The algorithm deciding what you see next is standing downstream from all of this.
The Celebrity as Smoke Screen
Epstein’s contact lists are full of directors, actors, musicians, authors, and public intellectuals. Many now insist they had no idea what he was doing. Some probably didn’t; others clearly chose not to ask. From Epstein’s perspective, the value of those relationships is obvious.
Being seen in orbit around beloved artists and cultural figures created a reputational firewall. If the public repeatedly saw him photographed with geniuses, Oscar winners, and hit‑makers, their brains filed him under “eccentric patron” rather than “dangerous predator.”
That softens the landing for his ideas, too. Race science sounds less toxic when it’s discussed over dinner at a university‑backed salon or exchanged in emails with a famous thinker.
The more oxygen is spent on the celebrity angle — who flew on which plane, who sat at which dinner — the less attention is left for what may matter more in the long run: the way his money and ideology were welcomed by institutions that shape culture and knowledge.

What to Love, Who to Fear
The point is not to claim that Jeffrey Epstein was secretly programming your TikTok feed or hand‑picking your favorite rapper. The deeper question is what happens when a man with his worldview is allowed to invest in the people and institutions that decide:
- Which artists are “marketable.”
- Which scientific questions are “important.”
- Which studies are “serious” enough to train our machines on.
- Which faces and stories are framed as aspirational — and which as dangerous.
If your media diet feels saturated with certain kinds of Black representation — hyper‑visible in music and sports, under‑represented in positions of uncontested authority — while “objective” science quietly debates Black intelligence, that’s not random drift. It’s the outcome of centuries of narrative work that men like Epstein bought into and helped sustain.
No one can draw a straight, provable line from his bank account to a specific song or recommendation. But the lines he did draw — to elite agencies, to brain and music research, to race‑obsessed science networks — are enough to show this: his money was not only paying for crimes in private. It was also buying him a seat at the tables where culture and knowledge are made, where the stories about who to love and who to fear get quietly agreed upon.

A Challenge to Filmmakers and Creatives
For anyone making culture inside this system, that’s the uncomfortable part: this isn’t just a story about “them.” It’s also a story about you.
Filmmakers, showrunners, musicians, actors, and writers all sit at points where money, narrative, and visibility intersect. You rarely control where the capital ultimately comes from, but you do control what you validate, what you reproduce, and what you challenge.
Questions worth carrying into every room:
- Whose gaze are you serving when you pitch, cast, and cut?

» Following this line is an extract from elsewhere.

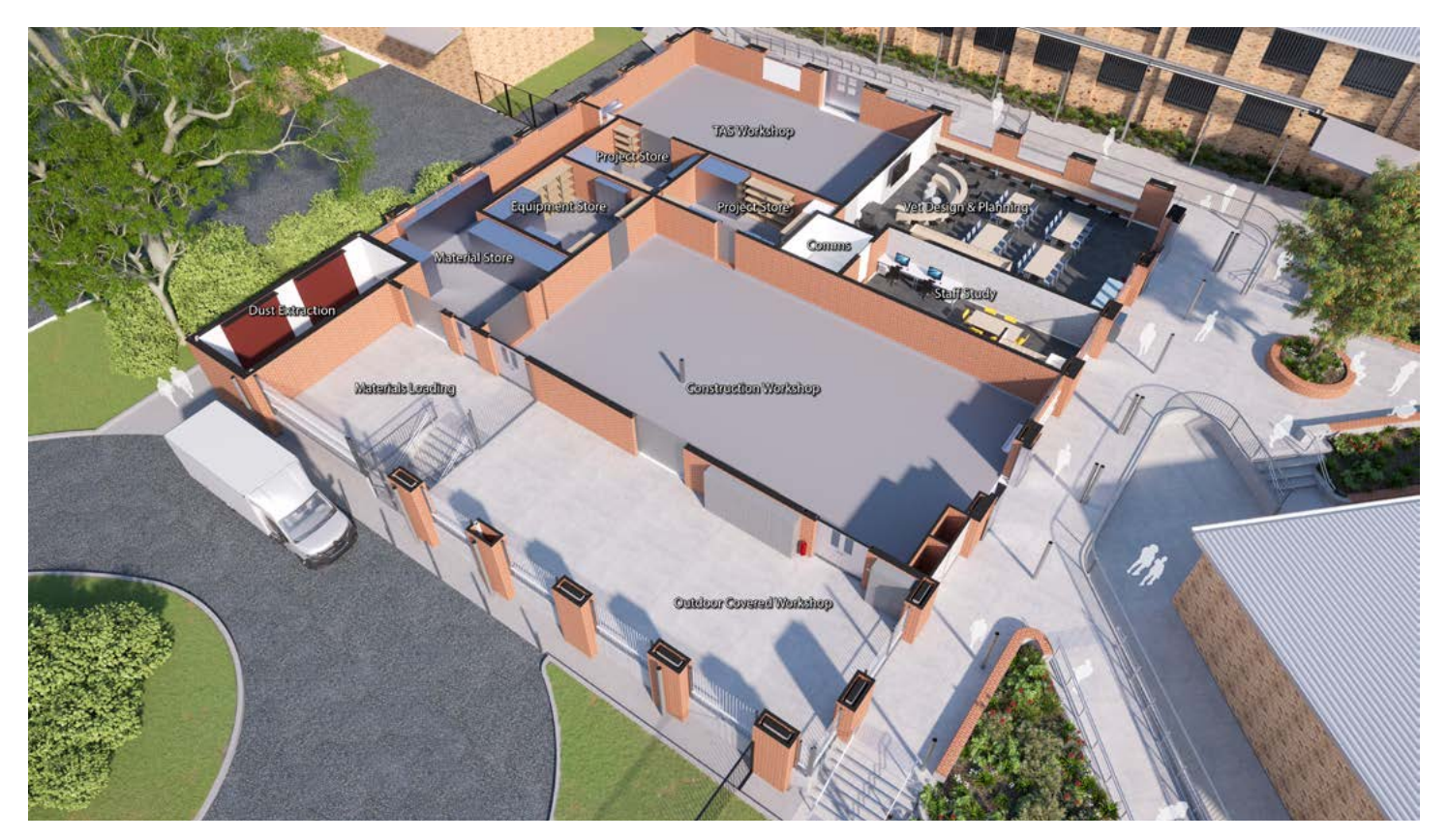
Artist impression of VET Construction and Technology Education spaces

- Which Black characters are being centered — and are they full humans or familiar stereotypes made safe for gatekeepers?

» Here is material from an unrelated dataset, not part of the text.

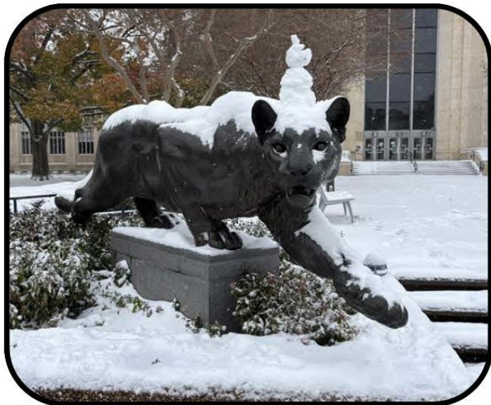
Severe Winter Weather Event January 2025

- When someone says a project is “too political,” “too niche,” or “bad for the algorithm,” whose comfort is really being protected?

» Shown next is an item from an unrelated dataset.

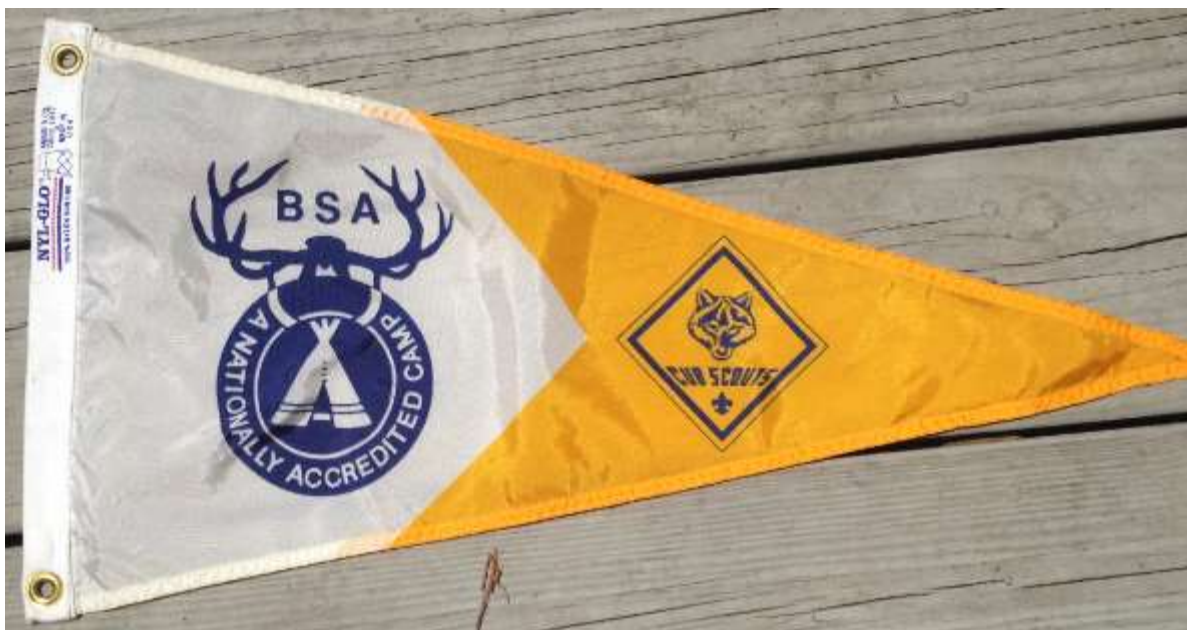
The 2015 Summer Day Camp Program at Camp Sam Hatcher once again received National Accreditation and this pennant to proudly display.

- Are you treating “the industry” as a neutral force, or as a set of human choices you can push against?
If wealth like Epstein’s can quietly seep into agencies, labs, and institutions that decide what gets made and amplified, then the stories you choose to tell — and refuse to tell — become one of the few levers of resistance inside that machine. You may not control every funding source, but you can decide whether your work reinforces a world where Black people are data points and aesthetics, or one where they are subjects, authors, and owners.
The industry will always have its “gatekeepers.” The open question is whether creatives accept that role as fixed, or start behaving like counter‑programmers: naming the patterns, refusing easy archetypes, and building alternative pathways, platforms, and partnerships wherever possible. In a landscape where money has long been used to decide what to love and who to fear, your choices about whose stories get light are not just artistic decisions. They are acts of power.